Bisnis.com, JAKARTA - Perum Bulog akan memperkuat fungsi sebagai lembaga negara yang bertugas menjaga ketersediaan, keterjangakauan, dan stabilisasi bahan pangan pokok dengan memperkuat instrumen dan infrastruktur lembaga tersebut.
Direktur Utama Perum Bulog Djarot Kusumayakti mengatakan salah satu yang menjadi fokus target Perum Bulog untuk tahun ini yaitu tercapainya pengadaan gabah dan beras sebanyak total 4 juta ton untuk memastikan ketersediaan pangan di tengah ketidakpastian iklim global.
Pencapaian target penyerapan beras dan gabah juga menjadi fokus Bulog mengingat pada tahun-tahun sebelumnya target kerap tidak tercapai. Pada 2015 misalnya, Bulog menyerap total 3,2 juta ton beras atau sekitar 73% dari target tahun tersebut.
"Upaya optimal yang kami lakukan semester lalu ternyata belum mampu membuat target penyerapan tercapai. Kami hanya mampu menyerap 3,2 juta ton beras atau 73% dari target dan penyalurannya 3,2 juta ton, hanya 86% dari target," ungkap Djarot dalam konferensi pers di Jakarta, Kamis (21/1).
Meski demikian, Djarot mengatakan ada beberapa catatan yang masih menjadi tantangan Bulog dalam melakukan penyerapan beras tahun ini.
Pertama, soal ketidakpastian fenomena iklim yang secara langsung akan berdampak langsung pada kinerja produksi gabah dan beras di dalam negeri sehingga memengaruhi angka pengadaan Perum Bulog.

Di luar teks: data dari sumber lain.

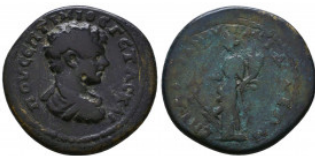
430 Roman Provincial, Ae Reference: Condition: Very Fine Weight: 9.1 gr Diameter: 24 mm 1
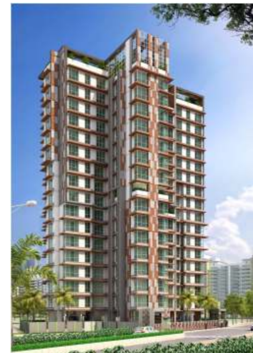
SWANAND OASIS, BLDG. NO. 33, KURLA (E)
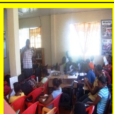
Youth participating in a conflict resolution workshop, hosted by the ERC.
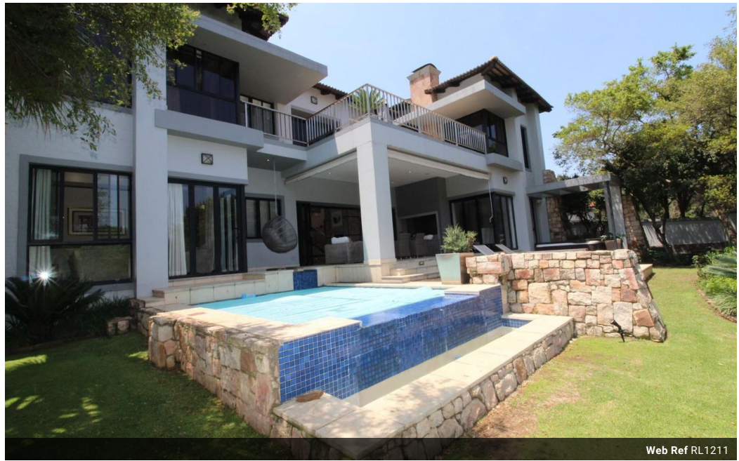
Web Ref RL1211

11 Mulberry Hill Office Park Broadacres Drive Cnr William Nicol Road Dainfern
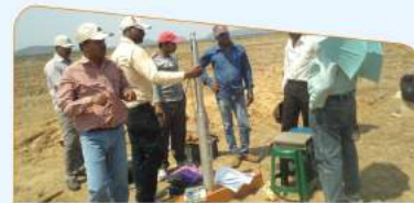
Quality Control: Geo-technical & Geo hydrological Investigation for BARC at Achutapuram Mandal, Det. : Vishakhapatnam.
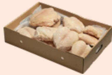
Breast with bone and skin
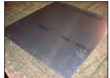
Access door 6-ADO-1-1

Top view of Z angle reinforcement around the cutout. Before cutting out the cutout, check to see how the door will overlap the sides and aft edge.
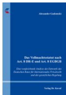
Das Vollmachtsstatut nach Art. 8 DR-E und Art. 8 EGBGB Ladenpreis: 154,00EUR
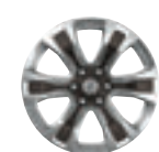
20-inch aluminum Standard on Laramie Longhorn with lower two-tone paint (WRC)
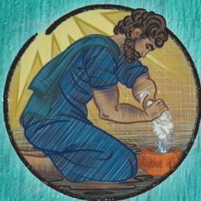
GIDEON God gives strength to accomplish His will.

Now the angel of the LORD came and sat under the terebinth at Ophrah, which belonged to Joash the Abiezrite, while his son Gideon was beating out wheat in the winepress to hide it from the Midianites. And the angel of the LORD appeared to him and said to him, "The LORD is with you, O mighty man of valor." And Gideon said to him, "Please, sir, if the LORD is with us, why then has all this happened to us? And where are all his wonderful deeds that our fathers recounted to us, saying, 'Did not the LORD bring us up from Egypt?' But now the LORD has forsaken us and given us into the hand of Midian." And the LORD turned to him and said, "Go in this might of yours and save Israel from the hand of Midian; do not I send you?" And he said to him, "Please, Lord, how can I save Israel? Behold, my clan is the weakest in Manasseh, and I am the least in my father's house." And the LORD said to him, "But I will be with you, and you shall strike the Midianites as one man."
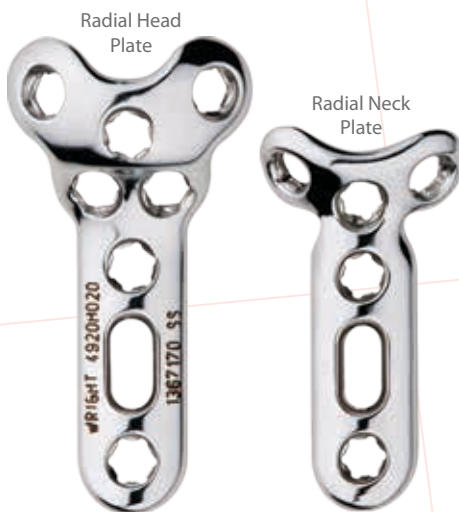
EVOLVE® TRIAD™ Fixation System

Now with plating options: introducing the EVOLVE® TRIAD™ Radial Head and Radial Neck Plates.
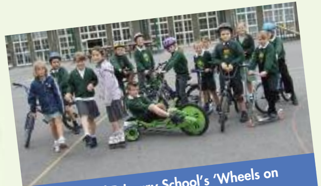
Banwell Primary School's 'Wheels on Wednesday' event

Green Travel Awards were presented to Hillside First School, Kingshill Primary and Uphill Primary for gaining 100% of pupils using green travel during the week and their continued commitment to Walk to School Week.
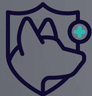
Public Liability (Dogs Only)
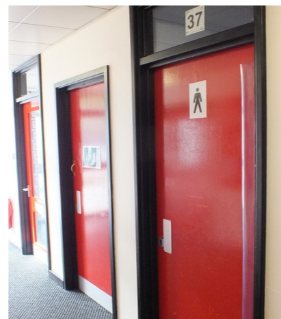
These are the toilets I will use.
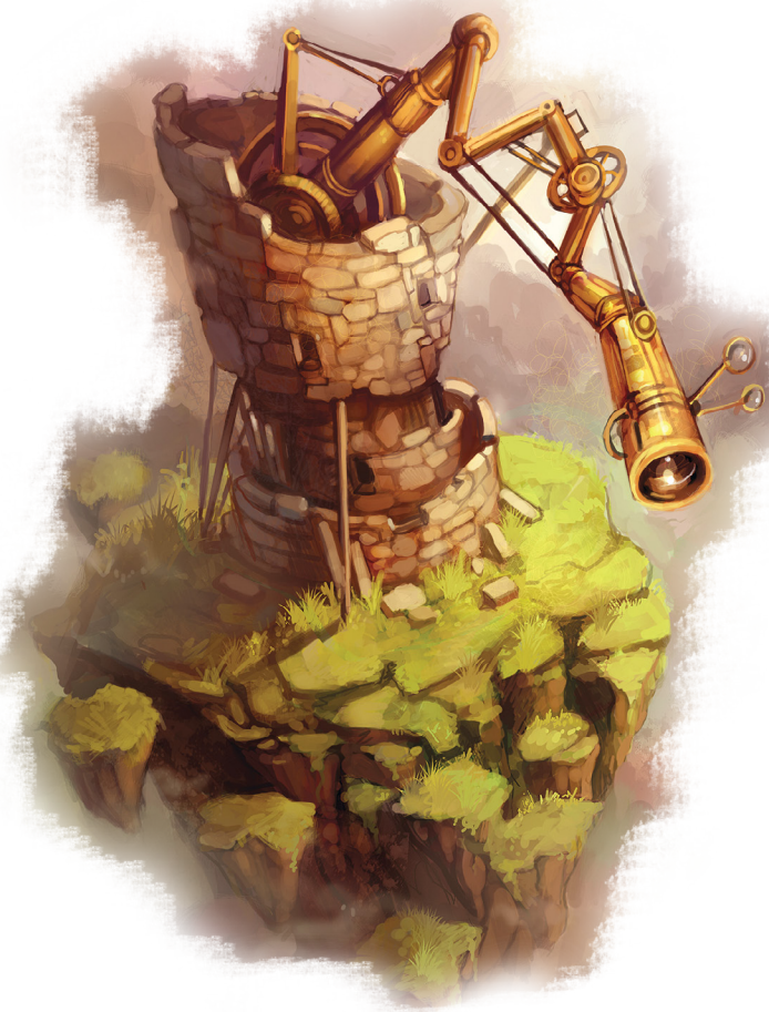
Illustration by Julie Dillon

About a year ago, I had a half-baked idea for an adventure set in the planar city of Sigil. The adventure, titled “Broken Ring,” would open with one-fifth of the ring-shaped city being obliterated, and floating amid the wreckage would be the Gatehouse—the city’s insane asylum. How it survived and who caused the explosion would be the mysteries the PCs had to solve. The Bleak Cabal (nihilistic keepers of the asylum) would surely take credit, but I envisioned the true culprit being one of the asylum’s deranged prisoners, whose deep contemplation of the mysteries of the multiverse led to a philosophical truth so profound in its implications that the thought alone caused the catastrophe. It’s a crazy notion, to be sure, but very much in keeping with the core themes of the PLANESCAPE® setting.
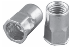
Half Hex Small

Hari ini el nino belum selesai, ke depan akan ada la nina. Ini bukan pekerjaan mudah, katanya.
Kedua, penetapan harga pembelian pemerintah (HPP) yang masih dipatok hnya satu harga. Padahal, harga beras sepanjang tahun amat fluktuatif, tergantung pada musim tanamnya. Untuk itu, Djarot mengaku tengah mengajukan fleksibilitas harga beli Bulog.
Djarot mengatakan dia telah mengajukan fleksbilitas pembelian hingga 10% di atas HPP yang ditetapkan pemerintah. Adapun, HPP beras yang diatur dalam Inpres nomor 5 tahun 2015 yaitu Rp7.300. Menurutnya, HPP tersebut hanya sesuai untuk penyerapan beras di musim panen raya.
Kalau saat panen raya, harga itu cukup untuk menyerap beras, karena beras banyak. Tapi kalau saat musim panen gadu, beras sedikit, harganya mahal, maka kami perlu fleksibilitas untuk dapat melakukan penyerapan, jelas Djarot. Menurutnya, fleksibilitas 10% merupakan tingkat kenaikan beras pada umumnya antara musim panen raya ke musim panen gadu.
Ketiga, persoalan infrastruktur. Djarot menyampaikan selama ini ketiadaan infrastruktur membuat Bulog terbatas dalam melakukan fungsi penyerapan. Dia mencontohkan, Bulog tidak dapat menyerap beras petani langsung karena kadar airnya tinggi, sedangkan Bulog tidak memiliki mesin pengering.
Terkait infrastruktur, Direktur Keuangan Perum Bulog Iryanto Hutagaol menyampaikan lembaga itu akan bergantung pada dana penyertaan modal negara (PMN) untuk dapat menggenjot realisasi pembangunannya.
Bulog telah menyusun rencana pembangunan infrastruktur senilai Rp2,6 triliun saat PMN telah disalurkan. Tapi kami sudah canangkan [dari biaya internal] sebesar Rp561 miliar untuk tahun ini. Kalaupun PMN masuk, itu realisasinya pada akhir tahun ini atau 2017, terang Iryanto.
Beberapa infrastruktur yang kini tengah dirintis Bulog misalnyadrying centre, rice milling unit (RMU)yang modern, dancold storage.